## Material to process
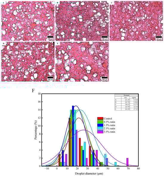 Effects of pre-emulsified flaxseed oil containing rutin on the compactness (A–E) and cavity diameter (F) of surimi gel determined by light microscopic images (200×). A is the control group without rutin, and B–E are samples with 0.5%, 1.5%, 2.5%, and 3.5% of rutin (dissolved in flaxseed oil, w/v), respectively.
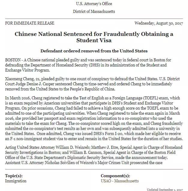 今年8月30日,美国马萨诸塞州地方检察署发布公告称,留学生Xiaomeng Cheng托福成绩被证实作弊,涉嫌欺诈美国政府罪名成立,判决驱逐出境,转天也就是8月31日就被遣返回国!
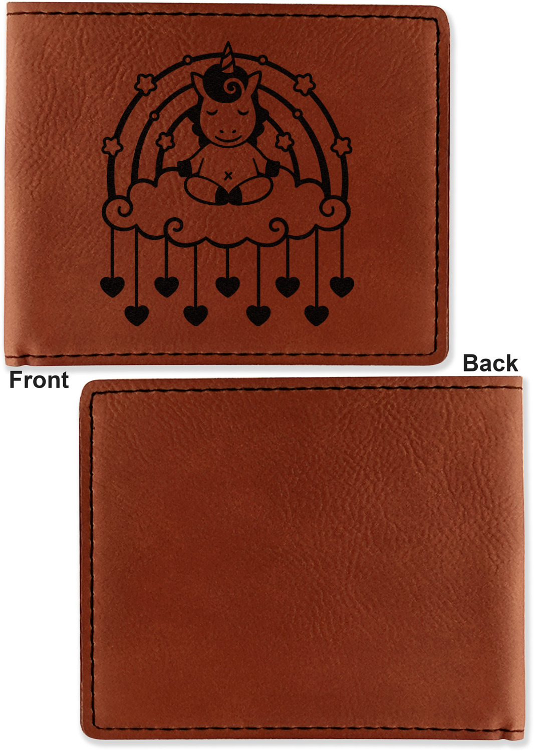 Your bifold wallet will be personalized by laser engraving, which will be a black color on the wallet. Choose a graphic, text, or monogram to personalize your wallet. There are thousands of choices in our design center.
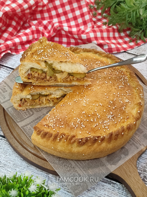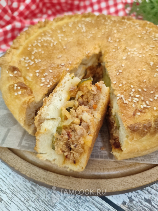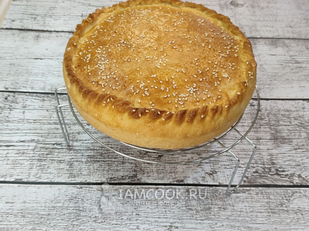 Дайте пирогу расстояться минут 20-25, прикрыв пленкой. Затем яйцо взболтайте с 1 ст. л. воды, смажьте верх пирога (или можно смазать просто молоком). По желанию присыпьте кунжутом.
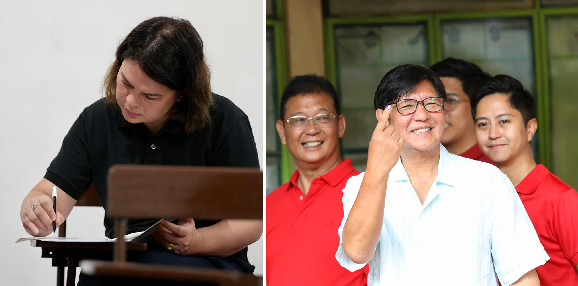 (右)投票を終えたマルコス大統領=12日、北イロコスバタク市(公式フェイスブックで公開)。(下)投票するサラ副大統領=12日、ダバオ市(副大統領室提供)
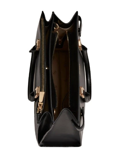 Laukku on jaettu 3 osaan. Ensimmäinen ja kolmas osio sulkeutuvat vetoketjulla ja keskimmäinen osio nepparilla. Ensimmäisestä osiosta löydät kolme avotaskua sekä yhden vetoketjullisen taskun. Toisessa ja kolmannessa osiossa ei ole taskuja. Laukun takana on vetoketjullinen tasku.
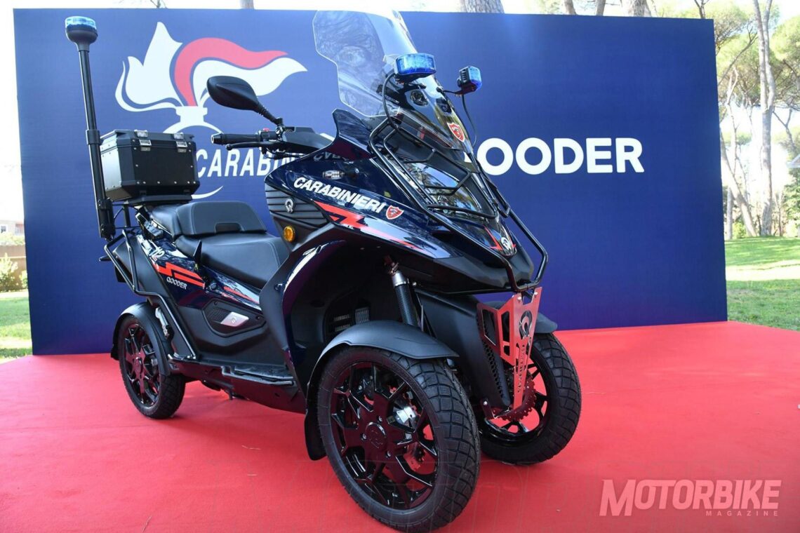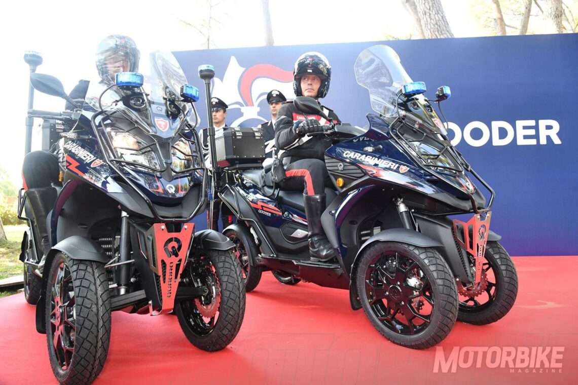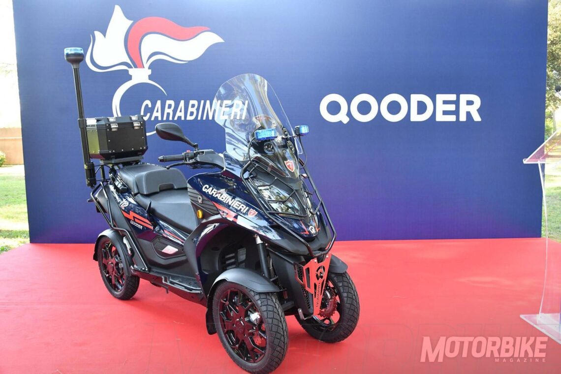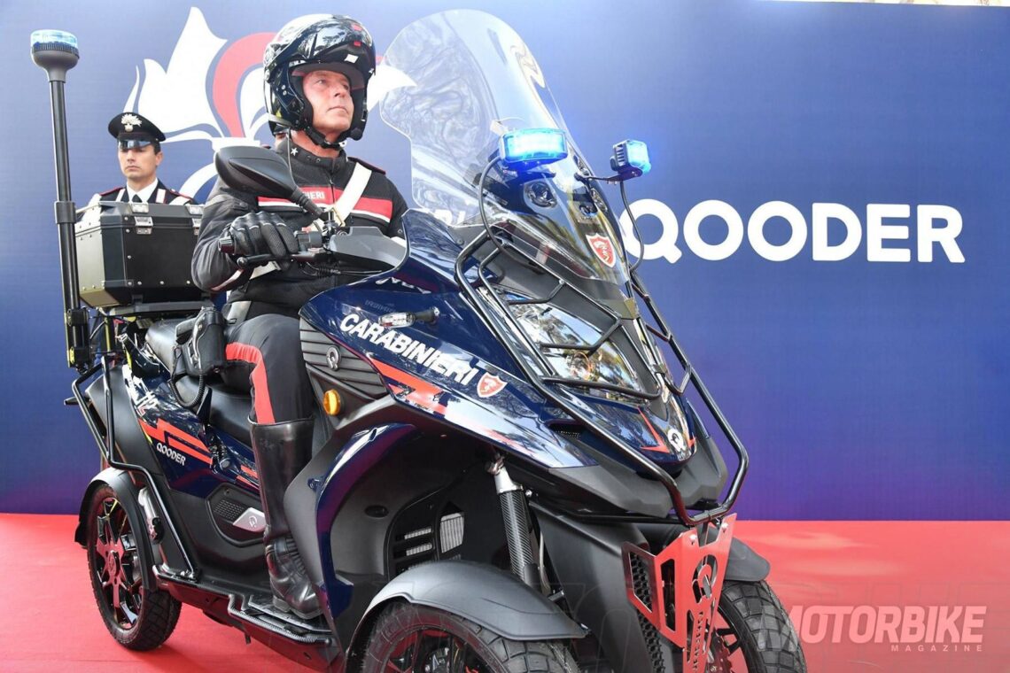 El Quadro Qooder, el scooter suizo de cuatro ruedas, se ha convertido desde este verano en un nuevo vehículo para los Carabinieri, la policía italiana. Gracias a este acuerdo, los residentes y turistas de la zona de Lucca y Rimini, verán como este cuerpo policial patrulla a lomos de este scooter, un vehículo de 400 cc y de 32,5 cv de potencia que puede conducirse con el permiso B de coche al estar homologado como triciclo.

## To do
What is needed is an exact copy of each line from the top of the data above through the line containing "今年8月30日,美国马萨诸塞", with no pictures.

## Result
 Effects of pre-emulsified flaxseed oil containing rutin on the compactness (A–E) and cavity diameter (F) of surimi gel determined by light microscopic images (200×). A is the control group without rutin, and B–E are samples with 0.5%, 1.5%, 2.5%, and 3.5% of rutin (dissolved in flaxseed oil, w/v), respectively.
 今年8月30日,美国马萨诸塞州地方检察署发布公告称,留学生Xiaomeng Cheng托福成绩被证实作弊,涉嫌欺诈美国政府罪名成立,判决驱逐出境,转天也就是8月31日就被遣返回国!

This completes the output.